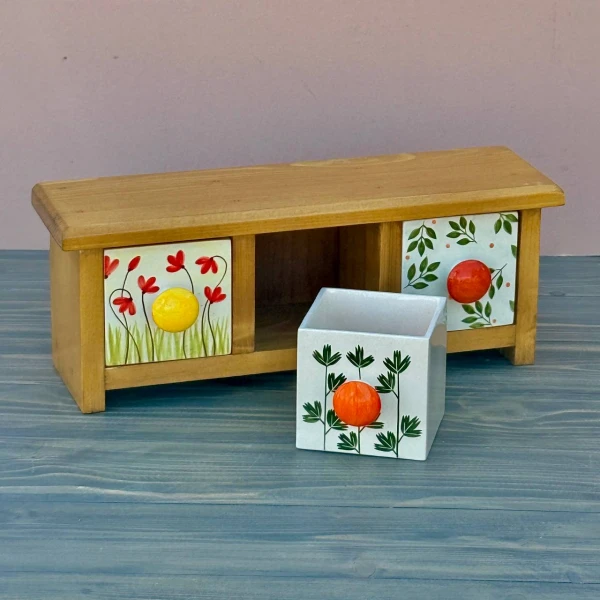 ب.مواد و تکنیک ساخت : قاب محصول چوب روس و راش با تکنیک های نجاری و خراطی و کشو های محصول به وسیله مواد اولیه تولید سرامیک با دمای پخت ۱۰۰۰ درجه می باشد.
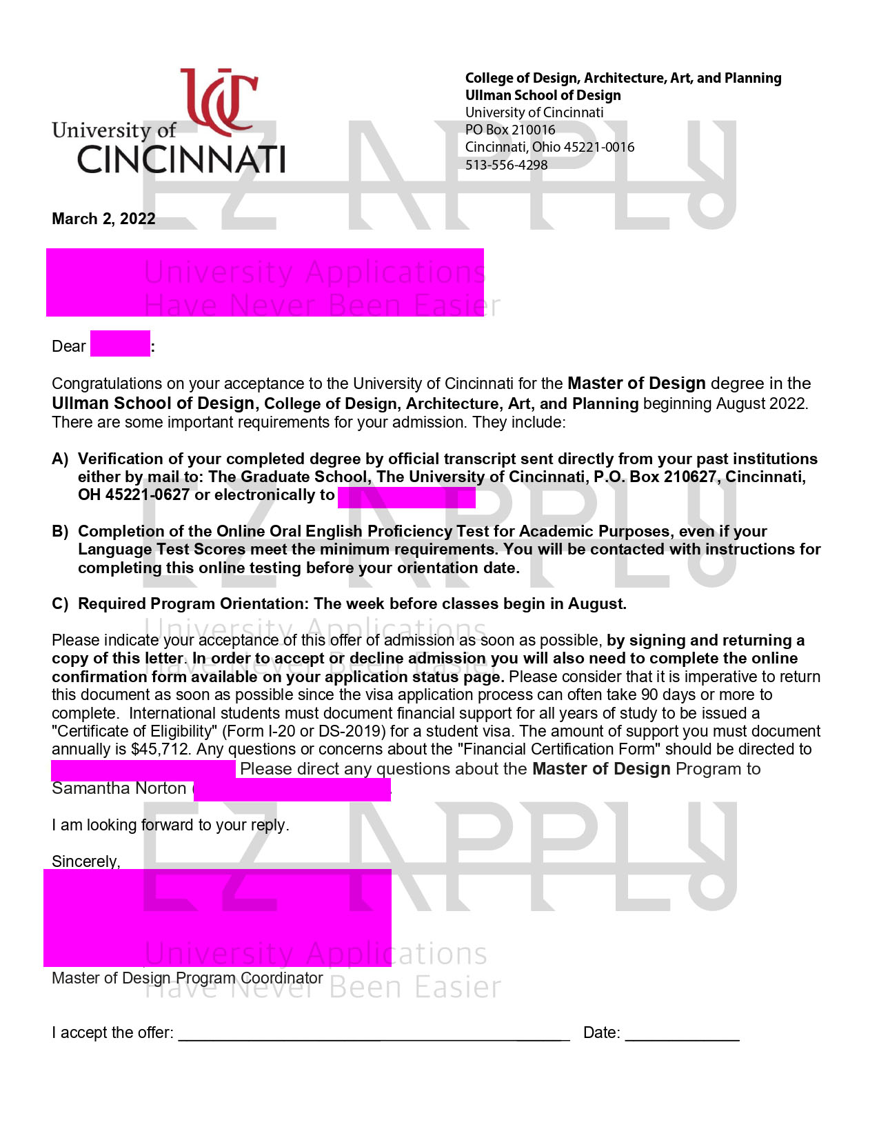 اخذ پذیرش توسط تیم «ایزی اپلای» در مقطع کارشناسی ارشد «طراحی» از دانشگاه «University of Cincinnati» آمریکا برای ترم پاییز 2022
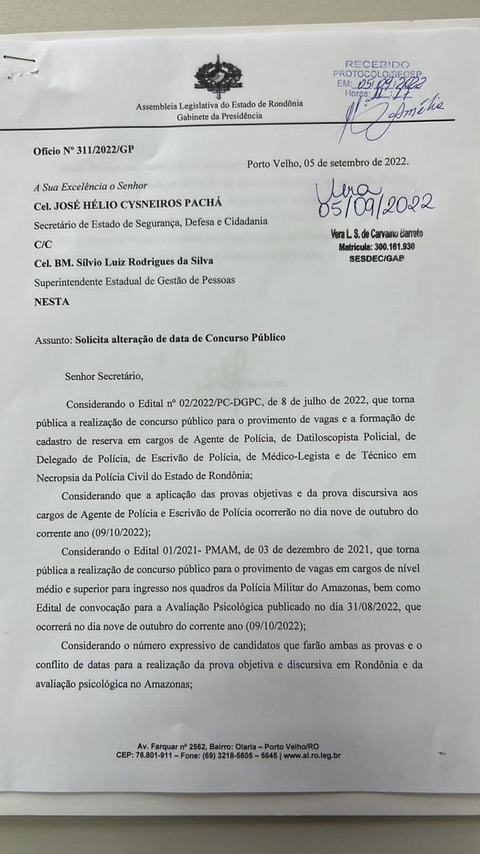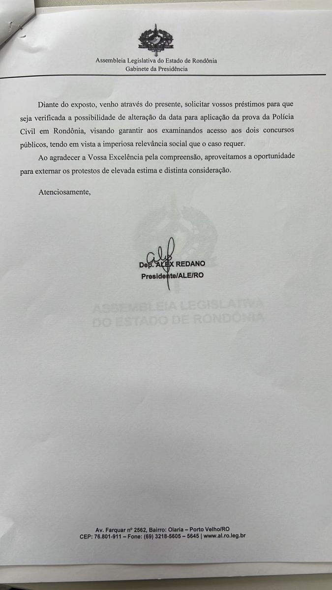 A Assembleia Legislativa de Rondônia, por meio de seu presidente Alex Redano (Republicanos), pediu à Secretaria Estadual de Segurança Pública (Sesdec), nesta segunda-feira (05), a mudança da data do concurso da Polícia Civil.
---
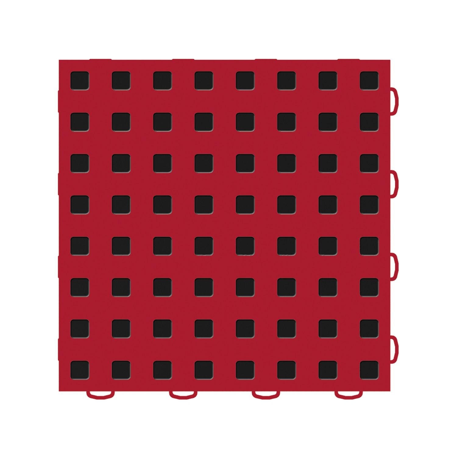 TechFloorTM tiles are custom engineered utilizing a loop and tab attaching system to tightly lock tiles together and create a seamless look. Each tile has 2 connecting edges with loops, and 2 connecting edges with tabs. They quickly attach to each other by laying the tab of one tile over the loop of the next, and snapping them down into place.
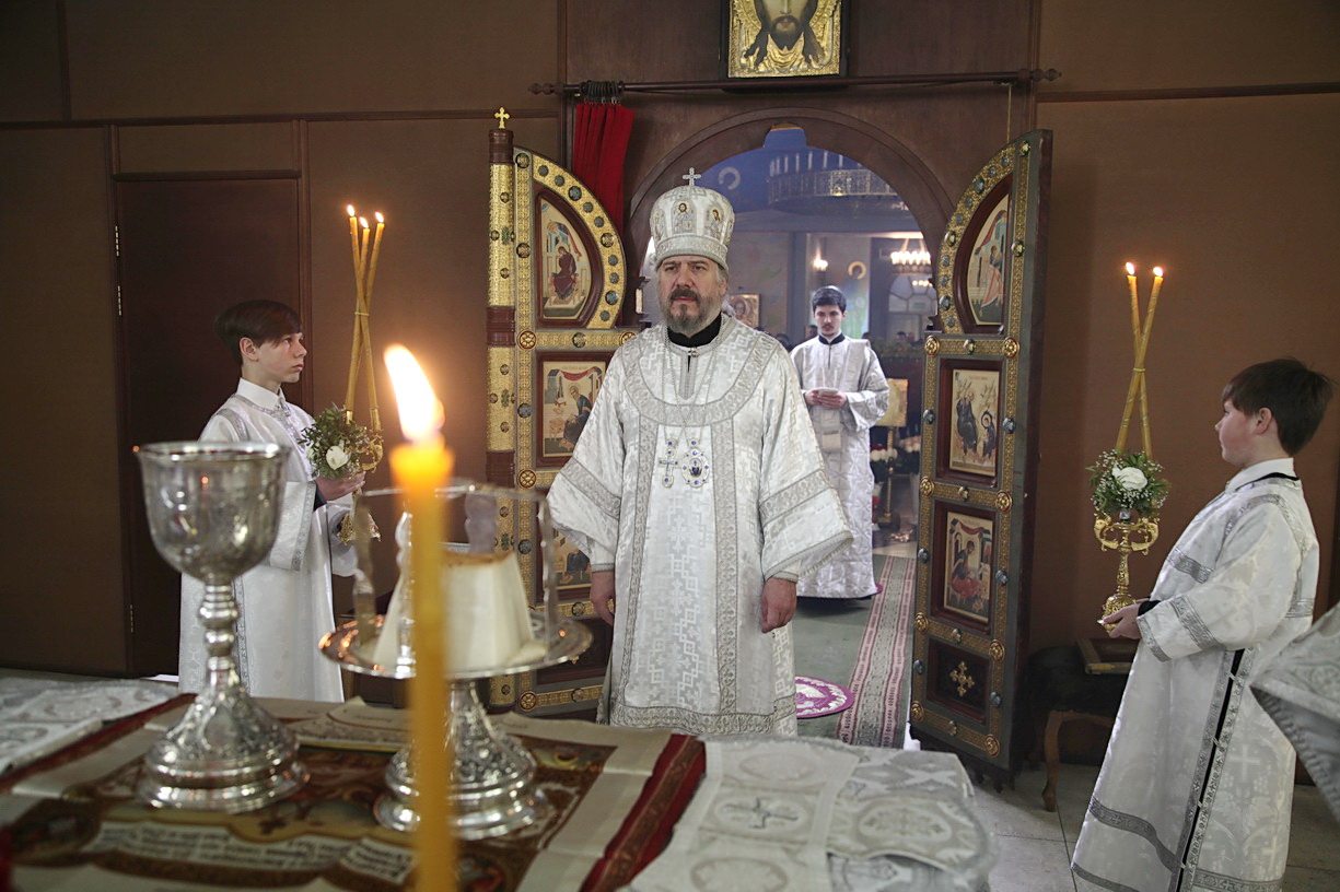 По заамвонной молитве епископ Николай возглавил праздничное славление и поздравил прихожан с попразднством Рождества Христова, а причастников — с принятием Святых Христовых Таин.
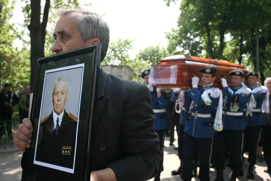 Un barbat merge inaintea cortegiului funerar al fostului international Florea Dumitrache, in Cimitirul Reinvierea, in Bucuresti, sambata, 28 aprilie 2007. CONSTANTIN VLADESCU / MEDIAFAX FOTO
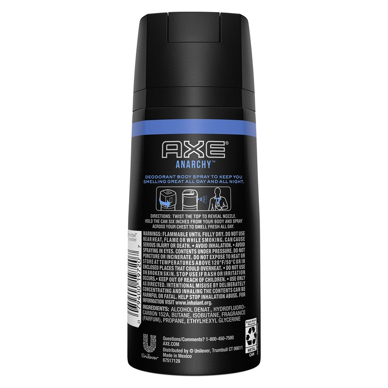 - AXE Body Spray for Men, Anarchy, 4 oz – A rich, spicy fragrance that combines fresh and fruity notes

**Your assignment**. In the listing above, find the line containing "ب.مواد و تکنیک". Output it and every line after it up to and including the line containing "A Assembleia Legislativa", exactly, but skip the pictures.

**Reply to the exercise**.
 ب.مواد و تکنیک ساخت : قاب محصول چوب روس و راش با تکنیک های نجاری و خراطی و کشو های محصول به وسیله مواد اولیه تولید سرامیک با دمای پخت ۱۰۰۰ درجه می باشد.
 اخذ پذیرش توسط تیم «ایزی اپلای» در مقطع کارشناسی ارشد «طراحی» از دانشگاه «University of Cincinnati» آمریکا برای ترم پاییز 2022
 A Assembleia Legislativa de Rondônia, por meio de seu presidente Alex Redano (Republicanos), pediu à Secretaria Estadual de Segurança Pública (Sesdec), nesta segunda-feira (05), a mudança da data do concurso da Polícia Civil.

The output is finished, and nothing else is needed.